Chinese want them - and can't get enough.

Canadians have got plenty - and don't want them.

The situation with sea cucumbers, long considered a delicacy in China, is adding up to a true win-win opportunity.

Sea cucumbers, valued for their traditional Chinese medicinal properties, are widely farmed in China's coastal areas to satisfy the great market demand, and a cluster of 500 gram upscale dried Chinese sea cucumbers can sell for up to 10,000 yuan ($1,612).

Now wild Canadian sea cucumbers, captured in the North Atlantic Ocean off the coast of Nova Scotia province, are also finding their way onto Chinese food tables, as most Canadian people don't consider the creature edible.

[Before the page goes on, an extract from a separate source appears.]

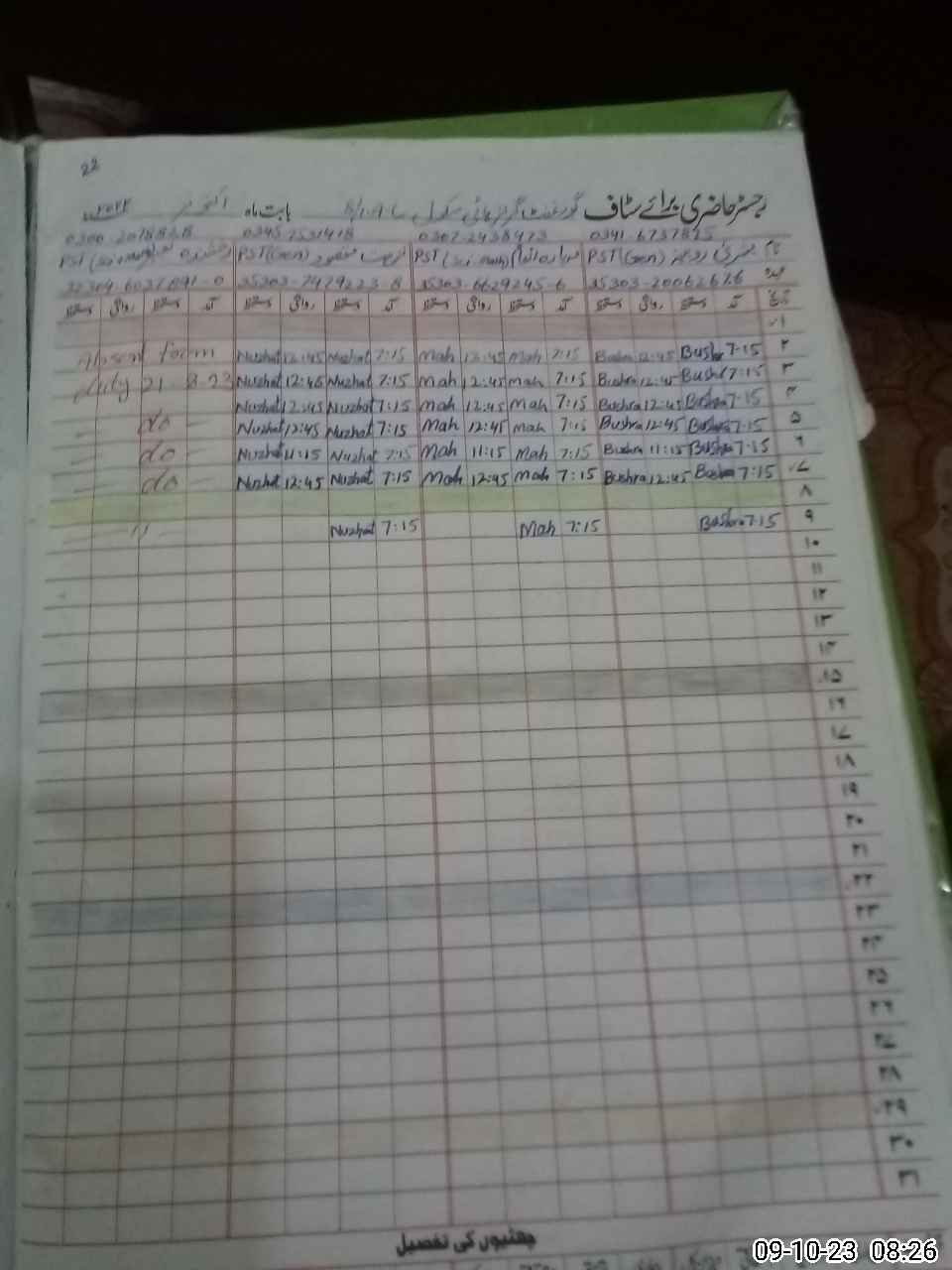 | Name: Sh**** Af**** Designation: (School Headmaster's/Headmistress's) HEADMASTER Phone/Cell Number: 03**** |

Last week at a media conference in Beijing, a deal was announced between Canadian seafood processing giant United Trans and Beijing Pharma, a capital-based pharmaceutical that owns the government-certified online drugs and healthcare products shopping platform in China, Yaofang.com.

Under the agreement, Canadian sea cucumbers will be allowed entry into China as a health product, according to a statement by Beijing Pharma.

"We are very excited about the sea cucumbers getting into the Chinese market," says Keith Colwell, minister of agriculture and minister of fisheries and aquaculture of Nova Scotia province. "We have crystal-clear water in North Atlantic Ocean. The sea cucumbers are wild. The environment they grow in is totally natural."